Start of Block
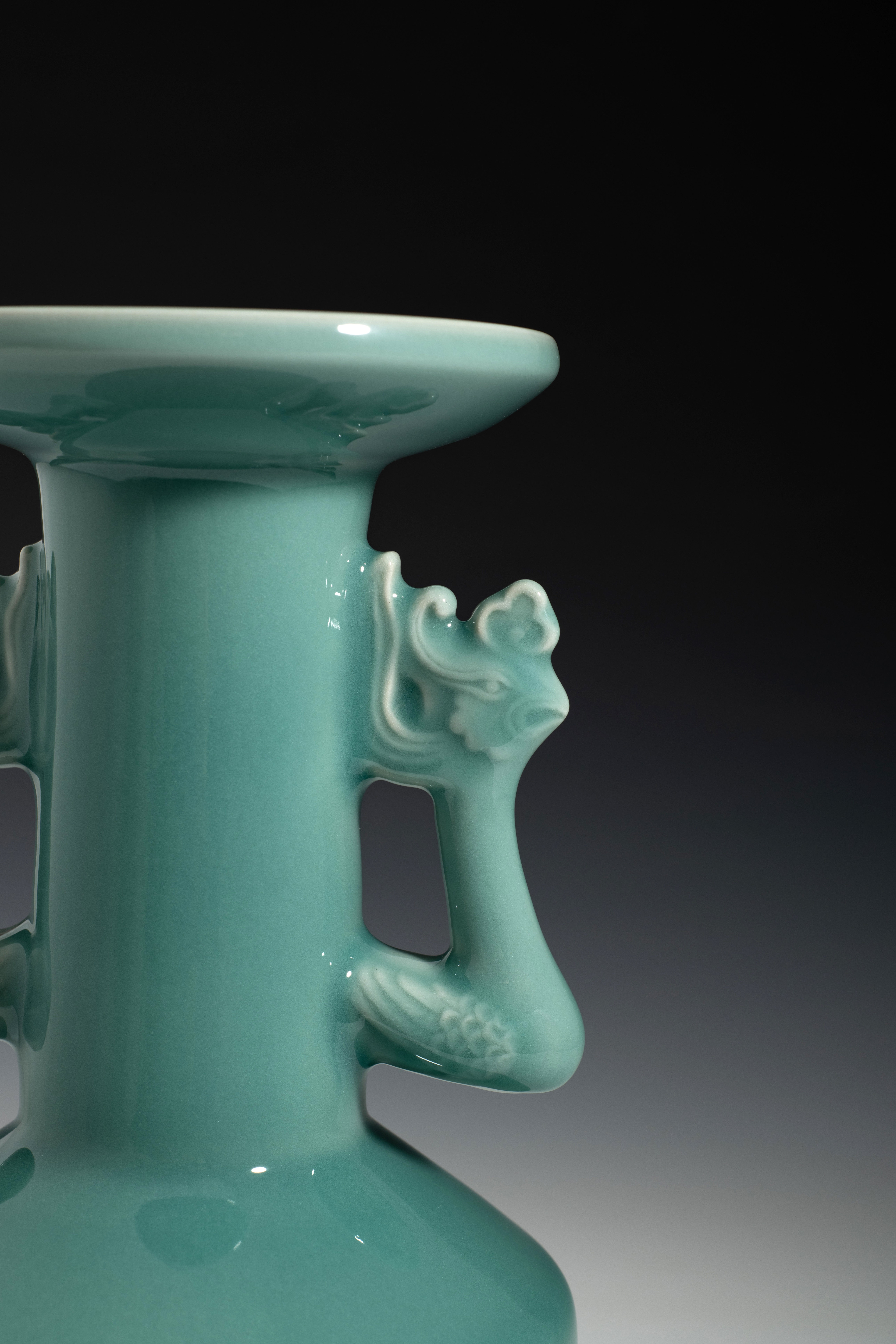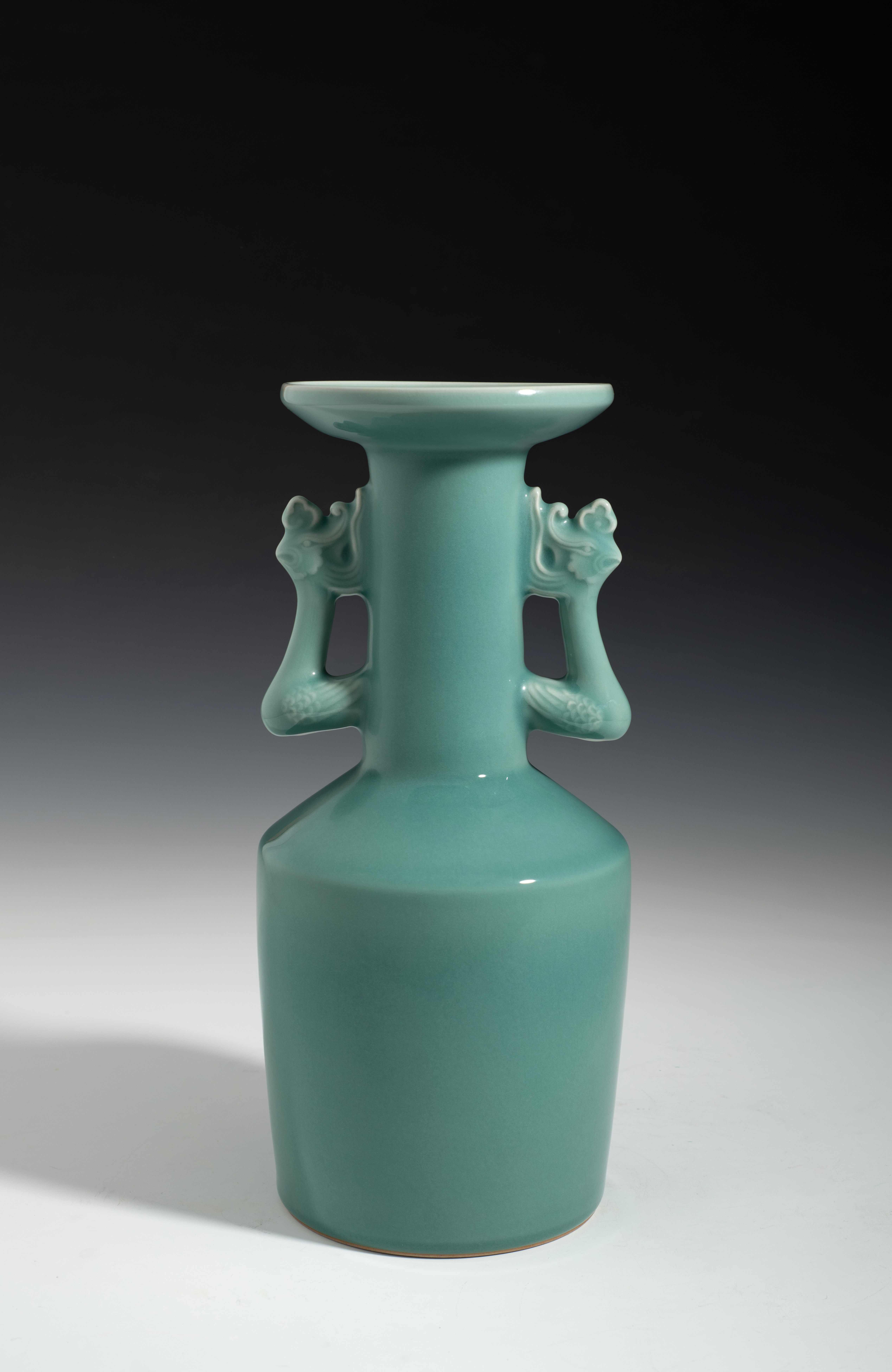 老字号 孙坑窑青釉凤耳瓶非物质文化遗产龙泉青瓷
End of Block
Start of Block
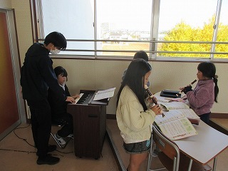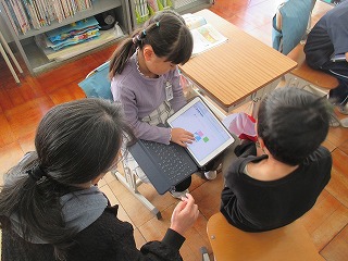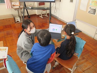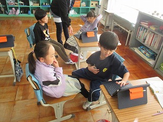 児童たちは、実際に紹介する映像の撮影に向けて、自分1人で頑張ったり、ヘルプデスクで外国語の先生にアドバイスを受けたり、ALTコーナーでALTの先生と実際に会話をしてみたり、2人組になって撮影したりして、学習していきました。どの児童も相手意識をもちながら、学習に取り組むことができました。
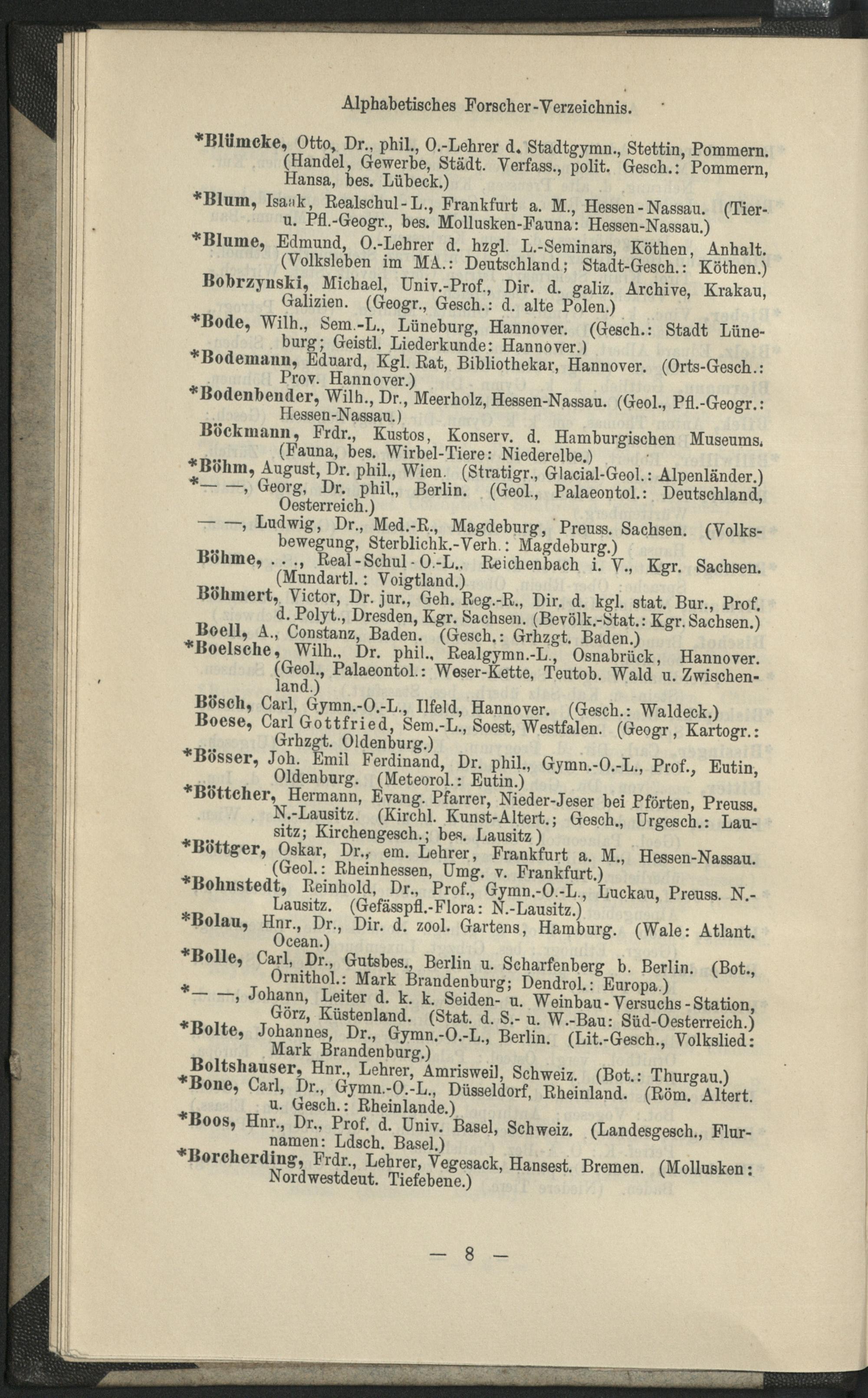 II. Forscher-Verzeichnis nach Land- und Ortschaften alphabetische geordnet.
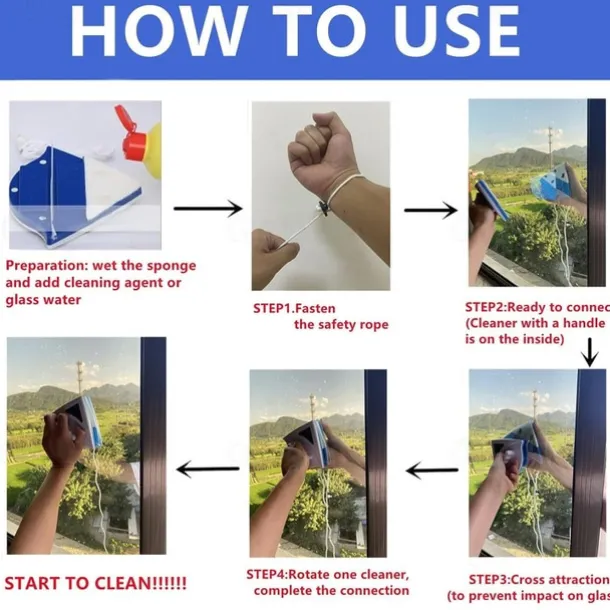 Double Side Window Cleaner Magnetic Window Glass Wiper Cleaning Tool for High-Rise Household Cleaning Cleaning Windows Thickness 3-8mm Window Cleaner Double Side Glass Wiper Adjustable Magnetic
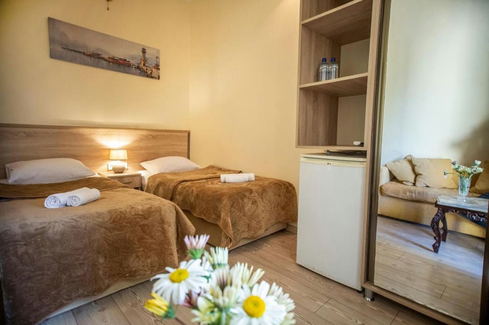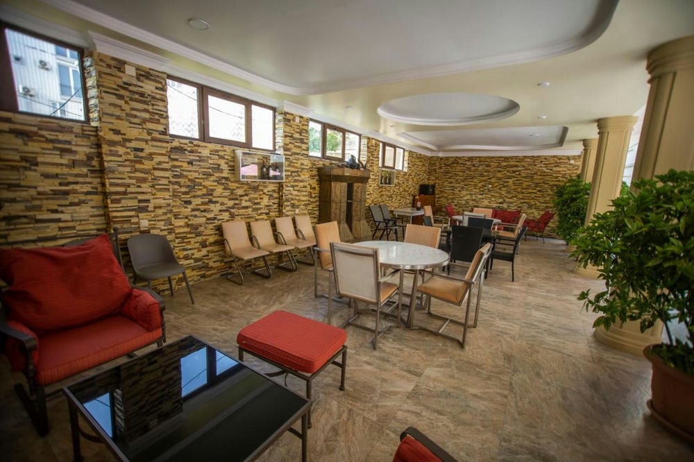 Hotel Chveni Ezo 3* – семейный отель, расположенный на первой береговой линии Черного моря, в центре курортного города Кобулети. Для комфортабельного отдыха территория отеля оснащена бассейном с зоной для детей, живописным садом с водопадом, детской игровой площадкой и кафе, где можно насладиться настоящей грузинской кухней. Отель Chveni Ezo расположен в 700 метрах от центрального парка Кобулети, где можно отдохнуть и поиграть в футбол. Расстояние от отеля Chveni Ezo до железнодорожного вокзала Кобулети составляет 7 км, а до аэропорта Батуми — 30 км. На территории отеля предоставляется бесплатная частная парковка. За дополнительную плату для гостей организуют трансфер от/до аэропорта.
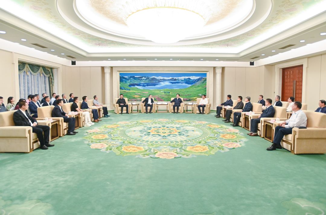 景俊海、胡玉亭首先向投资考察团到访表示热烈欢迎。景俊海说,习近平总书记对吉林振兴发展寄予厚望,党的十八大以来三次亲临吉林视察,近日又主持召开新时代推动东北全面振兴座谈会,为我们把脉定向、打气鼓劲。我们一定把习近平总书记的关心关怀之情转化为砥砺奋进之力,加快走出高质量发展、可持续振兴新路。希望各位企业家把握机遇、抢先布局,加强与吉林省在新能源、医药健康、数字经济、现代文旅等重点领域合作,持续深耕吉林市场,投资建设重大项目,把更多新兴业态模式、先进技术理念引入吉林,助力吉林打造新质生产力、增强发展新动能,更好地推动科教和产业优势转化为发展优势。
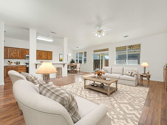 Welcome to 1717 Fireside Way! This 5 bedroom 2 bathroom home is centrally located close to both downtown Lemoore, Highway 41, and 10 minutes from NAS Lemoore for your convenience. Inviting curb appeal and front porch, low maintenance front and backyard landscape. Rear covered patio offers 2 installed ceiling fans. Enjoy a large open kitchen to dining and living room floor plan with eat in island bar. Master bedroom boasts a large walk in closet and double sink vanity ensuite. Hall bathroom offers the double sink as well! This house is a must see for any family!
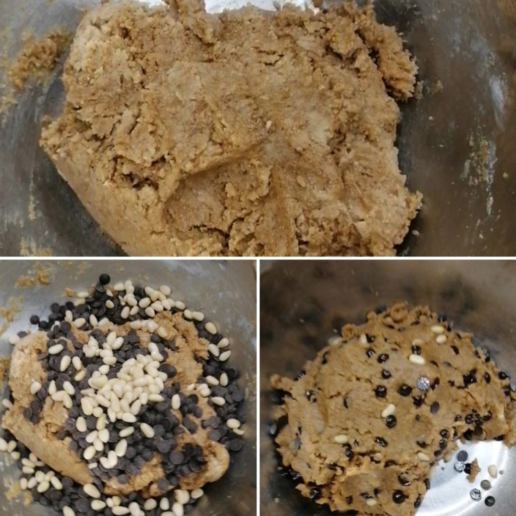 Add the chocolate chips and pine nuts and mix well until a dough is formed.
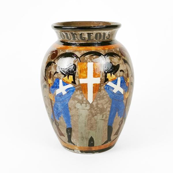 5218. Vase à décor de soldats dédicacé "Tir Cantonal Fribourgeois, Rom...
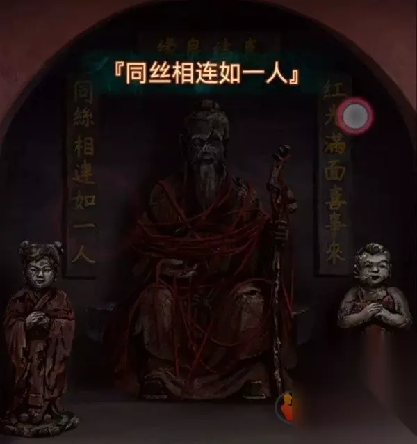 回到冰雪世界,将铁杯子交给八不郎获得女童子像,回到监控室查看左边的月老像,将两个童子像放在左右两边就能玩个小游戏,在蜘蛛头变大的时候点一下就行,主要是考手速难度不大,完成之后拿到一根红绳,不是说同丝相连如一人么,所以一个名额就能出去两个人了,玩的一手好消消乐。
End of Block
Start of Block
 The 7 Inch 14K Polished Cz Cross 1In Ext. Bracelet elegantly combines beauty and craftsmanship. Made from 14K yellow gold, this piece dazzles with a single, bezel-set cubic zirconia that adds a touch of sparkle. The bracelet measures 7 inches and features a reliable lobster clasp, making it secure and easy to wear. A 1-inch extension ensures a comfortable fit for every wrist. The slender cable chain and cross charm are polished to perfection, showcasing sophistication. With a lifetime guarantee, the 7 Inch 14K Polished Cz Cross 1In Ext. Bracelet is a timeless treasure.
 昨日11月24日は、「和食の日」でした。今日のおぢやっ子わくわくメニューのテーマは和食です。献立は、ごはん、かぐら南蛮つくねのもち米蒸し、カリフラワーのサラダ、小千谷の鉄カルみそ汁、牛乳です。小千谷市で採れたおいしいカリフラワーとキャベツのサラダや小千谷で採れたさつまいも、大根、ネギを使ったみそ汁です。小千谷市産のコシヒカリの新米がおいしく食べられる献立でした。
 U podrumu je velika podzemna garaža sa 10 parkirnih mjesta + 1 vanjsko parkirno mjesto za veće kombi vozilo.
End of Block
Starting with the line that contains "Double Side Window" and finishing with the line that contains "景俊海、胡玉亭首先向投资考察", reproduce every line of the material above exactly, but not the pictures.

> Response below
 Double Side Window Cleaner Magnetic Window Glass Wiper Cleaning Tool for High-Rise Household Cleaning Cleaning Windows Thickness 3-8mm Window Cleaner Double Side Glass Wiper Adjustable Magnetic
 Hotel Chveni Ezo 3* – семейный отель, расположенный на первой береговой линии Черного моря, в центре курортного города Кобулети. Для комфортабельного отдыха территория отеля оснащена бассейном с зоной для детей, живописным садом с водопадом, детской игровой площадкой и кафе, где можно насладиться настоящей грузинской кухней. Отель Chveni Ezo расположен в 700 метрах от центрального парка Кобулети, где можно отдохнуть и поиграть в футбол. Расстояние от отеля Chveni Ezo до железнодорожного вокзала Кобулети составляет 7 км, а до аэропорта Батуми — 30 км. На территории отеля предоставляется бесплатная частная парковка. За дополнительную плату для гостей организуют трансфер от/до аэропорта.
 景俊海、胡玉亭首先向投资考察团到访表示热烈欢迎。景俊海说,习近平总书记对吉林振兴发展寄予厚望,党的十八大以来三次亲临吉林视察,近日又主持召开新时代推动东北全面振兴座谈会,为我们把脉定向、打气鼓劲。我们一定把习近平总书记的关心关怀之情转化为砥砺奋进之力,加快走出高质量发展、可持续振兴新路。希望各位企业家把握机遇、抢先布局,加强与吉林省在新能源、医药健康、数字经济、现代文旅等重点领域合作,持续深耕吉林市场,投资建设重大项目,把更多新兴业态模式、先进技术理念引入吉林,助力吉林打造新质生产力、增强发展新动能,更好地推动科教和产业优势转化为发展优势。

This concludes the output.